Messi vivió con Maradona, lo conoció, lo admiró en persona. Diego lo llenó de elogios, lo motivó, lo puso bajo su ala, le enseñó todo lo que pudo. Como siempre, no se guardó nada. Messi valora todo aquello, pero su Diego es otro. Es el del resto del pueblo argentino. Mucho más íntimo, totalmente futbolero. Lejano a la burocracia del trabajo, del día a día de la adultez.
Este domingo, el día de su primer partido tras aquel llanto silencioso, quiso hacer un gol. Pero no uno más. Un golazo acorde. Lo imaginó todo el día y en el segundo tiempo lo consumó. Entonces, después de los abrazos de rutina con sus compañeros, tiró al piso la camiseta de Barcelona, la indumentaria formal del hombre maduro, y, con la misma piel de su héroe particular, saludó al cielo.
Lionel Messi nunca estuvo tan cerca del pueblo argentino como en ese instante. Ese futbolista maravilloso pero a la vez frío, robótico, fue uno más de los cientos de miles que salieron a la calle, de los millones que, como él, lloraron en silencio. Su tributo tiene tantos significados como significantes. Hacer el gol que hizo no es lo mismo que uno de penal o de rebote; usar esa camiseta, vieja, quizás ilegítima, lo hace aún más auténtico; que haya jugado los 90 minutos con ella le pone sudor futbolero al gesto; ignorar las publicidades y las obligaciones del mercantilizado fútbol de hoy le da el espíritu rebelde de los representantes populares; y lo más importante: al Diego le habría encantado.
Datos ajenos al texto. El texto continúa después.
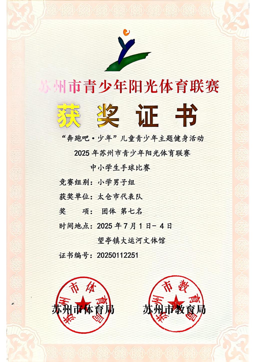 太仓市朱棣文小学在“奔跑吧·少年”儿童青少年主题健身活动2025年苏州市青少年阳光体育联赛中小学生手球比赛中获小学男子组团体第七名
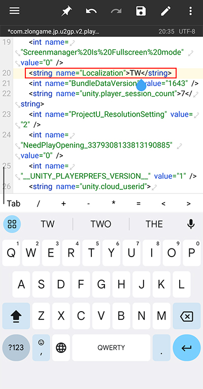 2、在过完新手教程之后关闭游戏,打开MT、RE等可直接访问根目录的文件管理器,接着打开根目录下的data/data/com.zlongame.jp.u2gp/shared_prefs/com.zlongame.jp.u2gp.v2.playerprefs.xml文件,
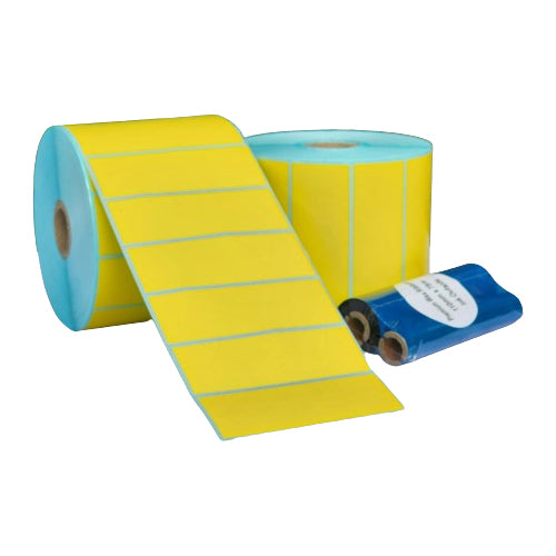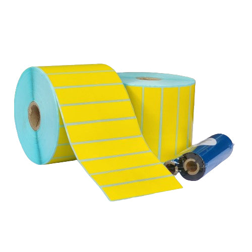 30 x 20 Solid Yellow Satin Barcode Labels Bundle with Premium Barcode Ribbon
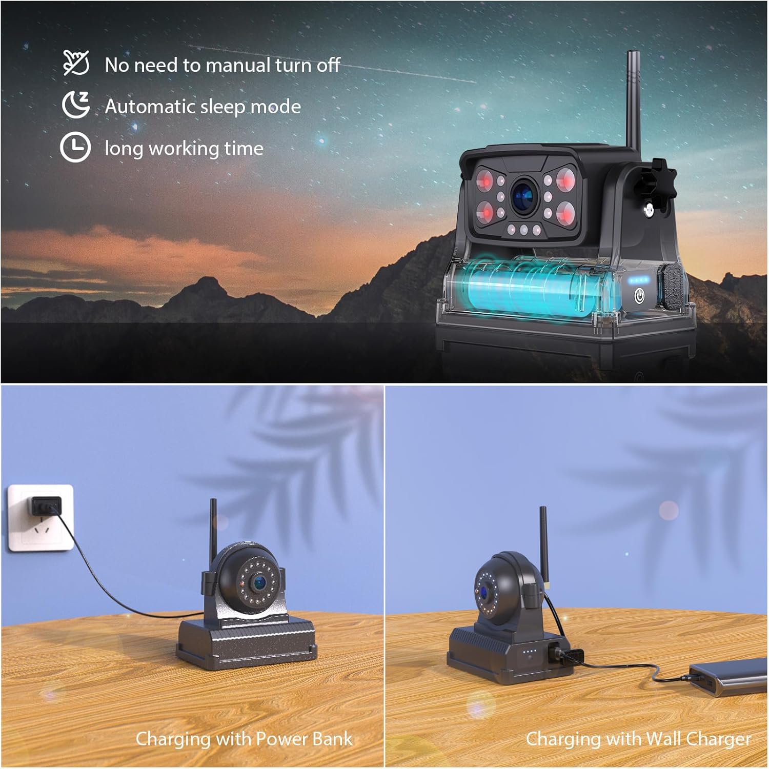 - 👍Upgraded Low-power Technology: The magnetic camera system enables extended operation with automatic startup/shutdown. The camera powers on/off instantly with your screen — no manual controls needed. Forget about battery drain or frequent charging; enjoy effortless monitoring and enhanced convenience.

El guiño del actual capitán del seleccionado emociona pero también, de algún modo, genera esperanza. Estas lágrimas tienen otro sabor. Ya no son solo de tristeza y melancolía, sino de agradecimiento. El legado de Maradona se puede tocar. Es capaz de humanizar como nunca antes al ídolo de hoy. Diferente, pero capaz de interpretarlo y seguir su estela. Un ídolo que se dejó iluminar con su luz. No es poco homenaje.